> _SUPPLIED ENTRIES_

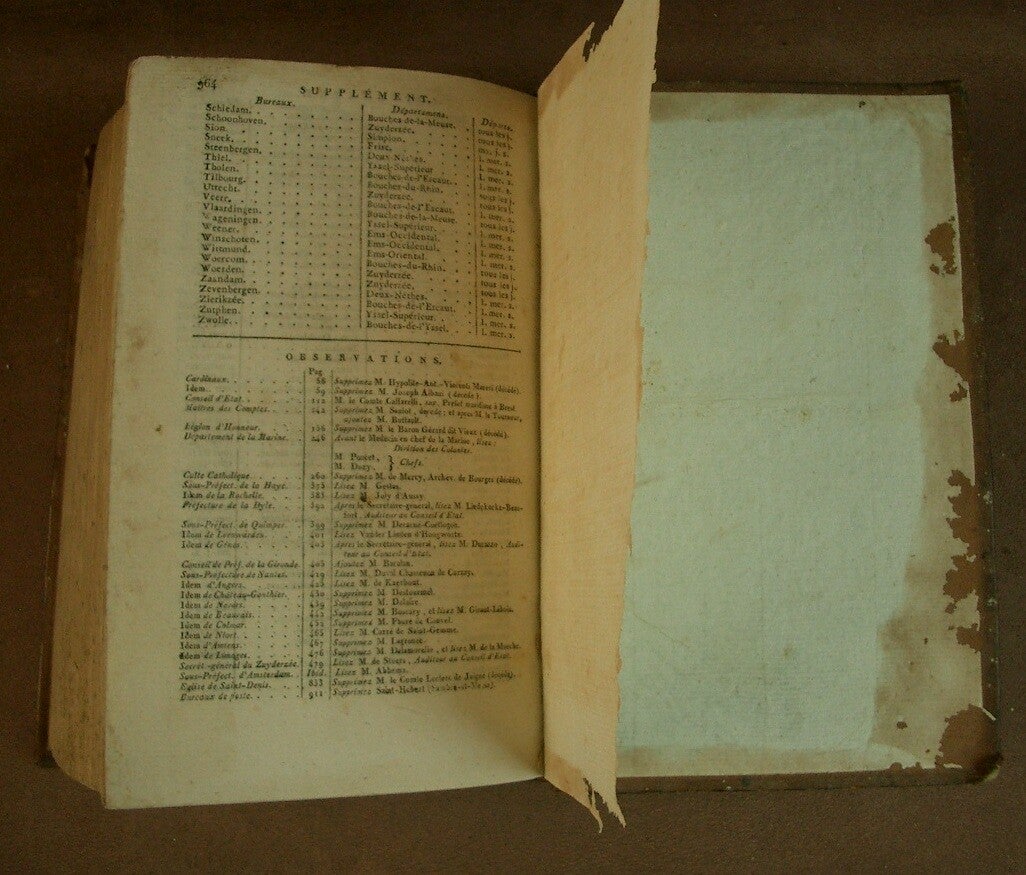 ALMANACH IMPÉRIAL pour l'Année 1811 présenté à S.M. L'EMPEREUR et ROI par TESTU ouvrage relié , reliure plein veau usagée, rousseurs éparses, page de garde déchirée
--
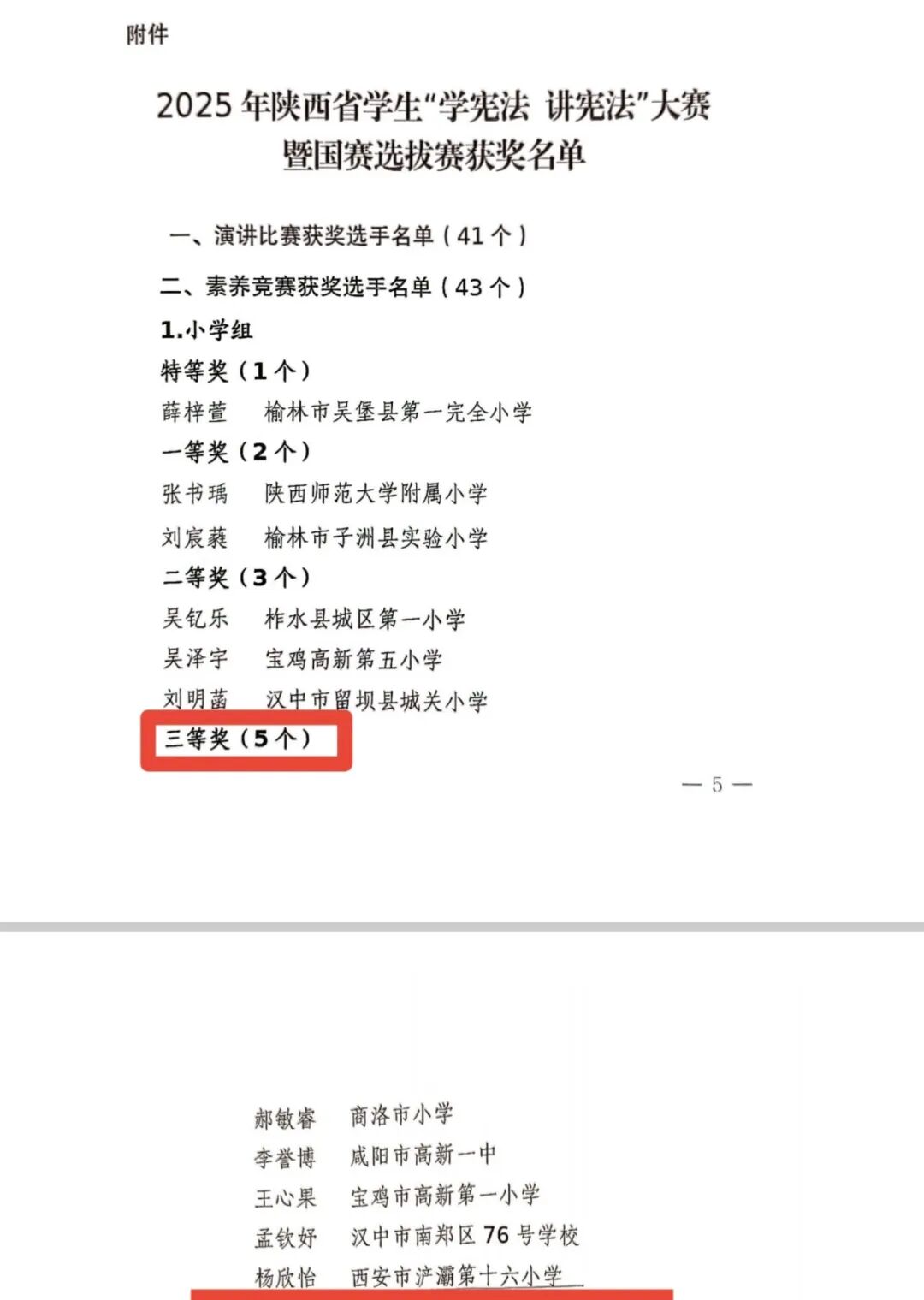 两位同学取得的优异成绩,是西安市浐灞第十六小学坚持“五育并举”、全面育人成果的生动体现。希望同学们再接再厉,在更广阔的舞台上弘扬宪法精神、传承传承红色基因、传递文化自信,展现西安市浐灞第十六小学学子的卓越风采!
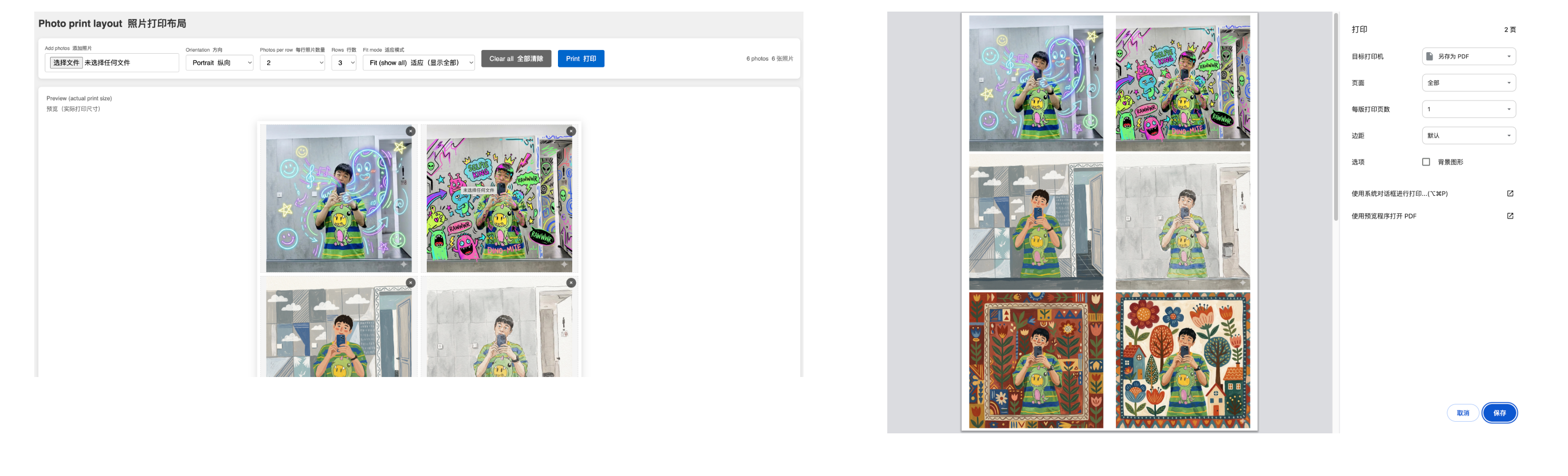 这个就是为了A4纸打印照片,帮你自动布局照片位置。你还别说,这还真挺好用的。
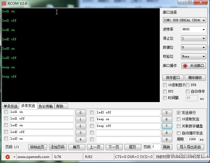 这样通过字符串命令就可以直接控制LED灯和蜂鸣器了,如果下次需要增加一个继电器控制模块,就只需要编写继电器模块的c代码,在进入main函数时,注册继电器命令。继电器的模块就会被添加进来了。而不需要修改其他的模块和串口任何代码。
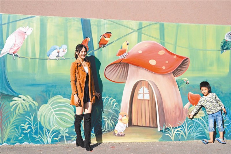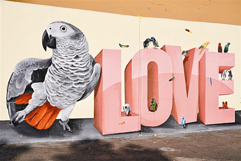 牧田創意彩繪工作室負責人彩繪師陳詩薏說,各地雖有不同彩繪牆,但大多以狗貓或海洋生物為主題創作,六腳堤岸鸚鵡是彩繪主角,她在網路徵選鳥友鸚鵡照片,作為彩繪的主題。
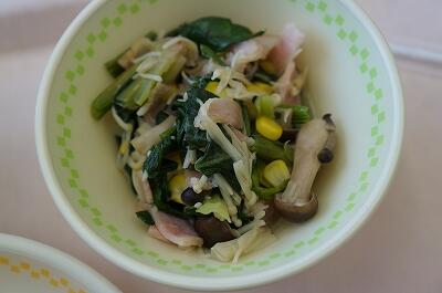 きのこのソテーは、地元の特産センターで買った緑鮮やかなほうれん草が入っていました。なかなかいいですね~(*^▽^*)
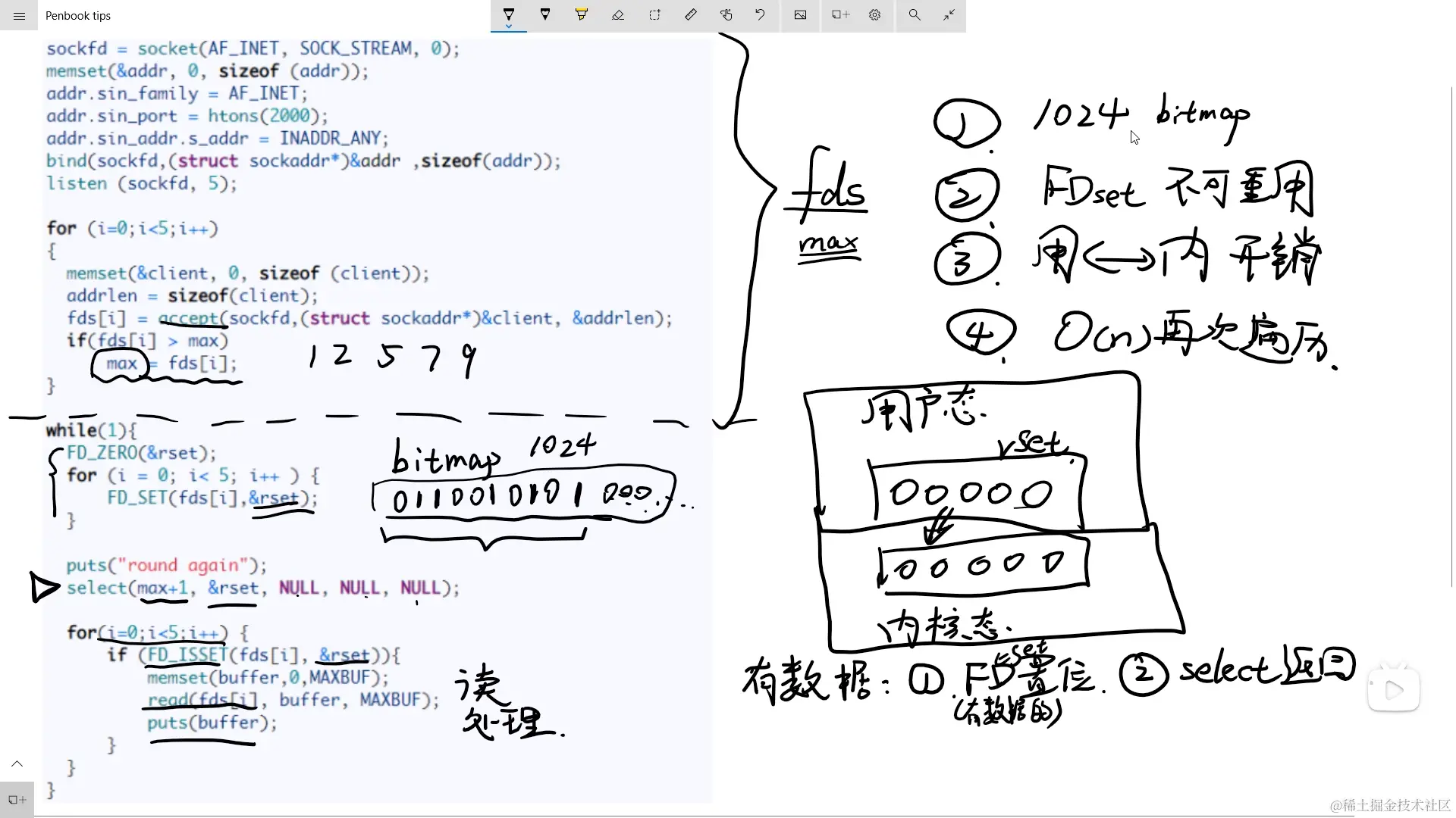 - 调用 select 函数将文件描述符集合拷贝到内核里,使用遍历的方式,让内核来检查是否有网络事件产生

> _THE TASK_
Out of the records above, set down only the lines from the one that contains "两位同学取得的优异成绩,是西" through the one that contains "- 调用 select", unchanged and without the pictures.

> _EXERCISE RESPONSE_
 两位同学取得的优异成绩,是西安市浐灞第十六小学坚持“五育并举”、全面育人成果的生动体现。希望同学们再接再厉,在更广阔的舞台上弘扬宪法精神、传承传承红色基因、传递文化自信,展现西安市浐灞第十六小学学子的卓越风采!
 这个就是为了A4纸打印照片,帮你自动布局照片位置。你还别说,这还真挺好用的。
 这样通过字符串命令就可以直接控制LED灯和蜂鸣器了,如果下次需要增加一个继电器控制模块,就只需要编写继电器模块的c代码,在进入main函数时,注册继电器命令。继电器的模块就会被添加进来了。而不需要修改其他的模块和串口任何代码。
 牧田創意彩繪工作室負責人彩繪師陳詩薏說,各地雖有不同彩繪牆,但大多以狗貓或海洋生物為主題創作,六腳堤岸鸚鵡是彩繪主角,她在網路徵選鳥友鸚鵡照片,作為彩繪的主題。
 きのこのソテーは、地元の特産センターで買った緑鮮やかなほうれん草が入っていました。なかなかいいですね~(*^▽^*)
 - 调用 select 函数将文件描述符集合拷贝到内核里,使用遍历的方式,让内核来检查是否有网络事件产生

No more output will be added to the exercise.